Na dźwięk nazwiska przełożonej córki Poleska zaczęła się dziwnie zachowywać. Anka głośno snuła swe rozważania. Po chwili jednak zwróciła uwagę na dziwny wyraz twarzy matki.
- Mamo, co się dzieje?- poczuła niepokój. - Mamo?- przynaglała.
Maryla wstała od stolika. Anka zapłaciła za kawę. Pobiegła za matką, ta szła gdzieś w kierunku zalewu, chyba nie zastanawiała się dobrze, dokąd idzie.
- Mamo, przestań, siądź tu na ławce, ja nie będę za tobą ganiać!
- Siadły na ławce. Maryla wtuliła się w ramię Anki. Płakała bezgłośnie. Anka dała jej chusteczkę.
- Ojciec mnie chyba zdradza. Zaklina się , że to moje urojenia, ale to nie są urojenia- Maryla z trudem łapała powietrze.
- Wcale mnie to nie dziwi. Zawsze go o to podejrzewałam. Te babeczki- laleczki w jego wydaniu… Męczył i ciebie, i mnie… A ty na rencie, w zasadzie mogłaś pójść gdzieś do pracy, dorabiać sobie.

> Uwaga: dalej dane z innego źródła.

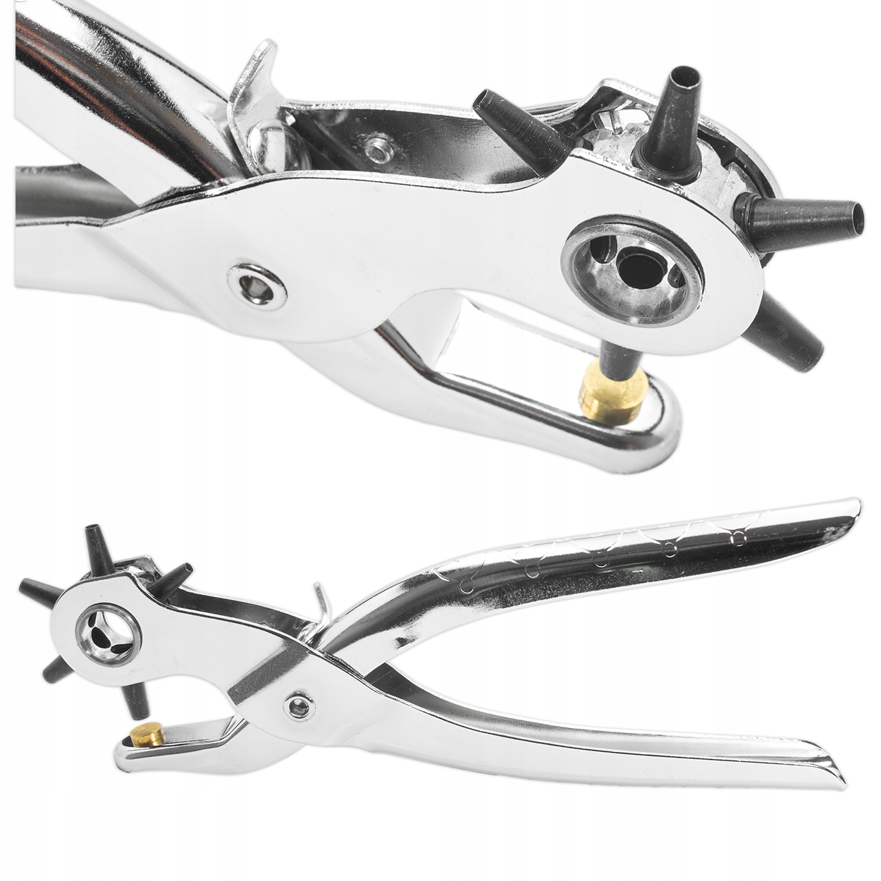 Szczypce dziurkacze mają 6 różnych rozmiarów otworów: 2 mm, 2,5 mm, 3 mm, 3,5 mm, 4 mm, 4,5 mm
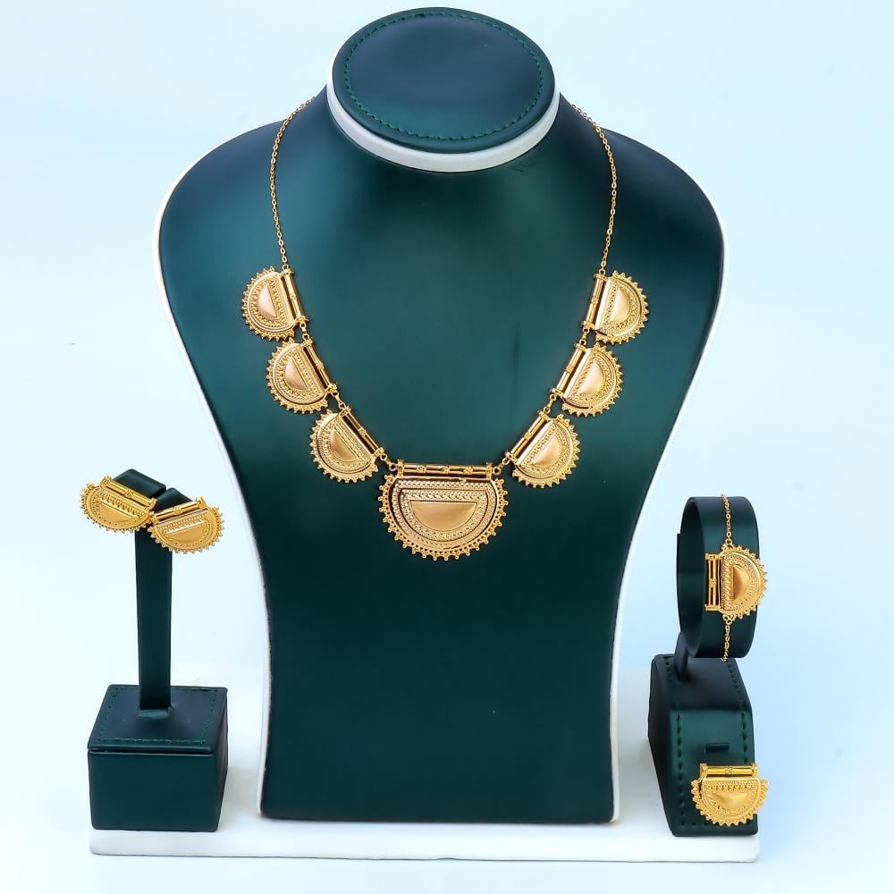 طقم ذهب شرقي بتصميم البراشي مميز عيار 21 وزن 17.75 جرام
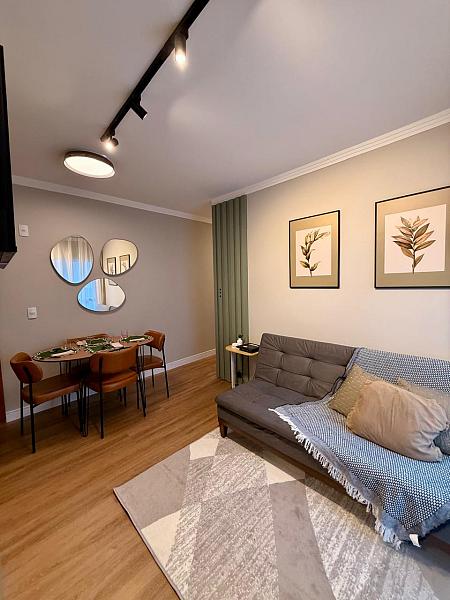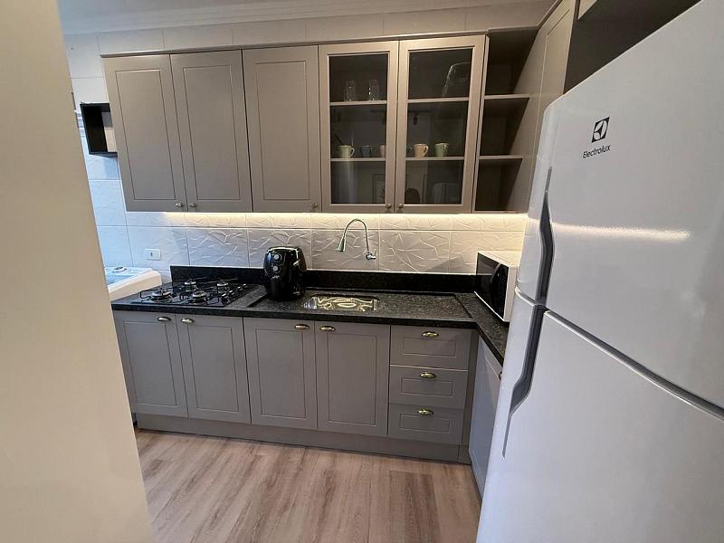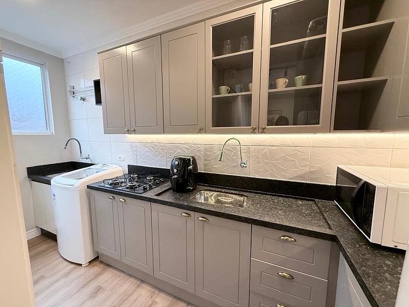 • Cozinha planejada completa com eletros, sala aconchegante e decorada com muito bom gosto. Quarto com cama box, armário e ar condicionado. Sacada com churrasqueira e fechamento em reiki. Lavanderia com máquina de lavar,TV, microondas, air fryer, utensílios e muito mais.

- Myślałam o tym, uwierz mi. – Ale w domu miałam i tak sporo roboty, a i z wami masa obowiązków, byliście jeszcze mali. Niewiele pamiętacie z tego mojego wypadku. Owszem, nie mogę powiedzieć nic złego o Grześku. Bardzo mnie wtedy wspierał. Woził na zabiegi. Na szczęście, nie było tak poważne to złamanie, parę kręgów się nadwyrężyło. Pomogły masaże. Nie chciałam żadnych operacji. Wiem, jak nieraz się kończą. Rękę nosiłam trochę w gipsie. Wszystko się zrosło. Czasem ta kość łokciowa mnie boli. No, zleciałam bezwładnie na podłogę z małego podestu, na szczęście- małego. A jak byłam ze dwa razy w sanatorium, to wy z Krzysiem uwielbialiście wyjazdy do babci albo ona przyjeżdżała. Nie chciałam dać wam odczuć, że dzieje się coś złego.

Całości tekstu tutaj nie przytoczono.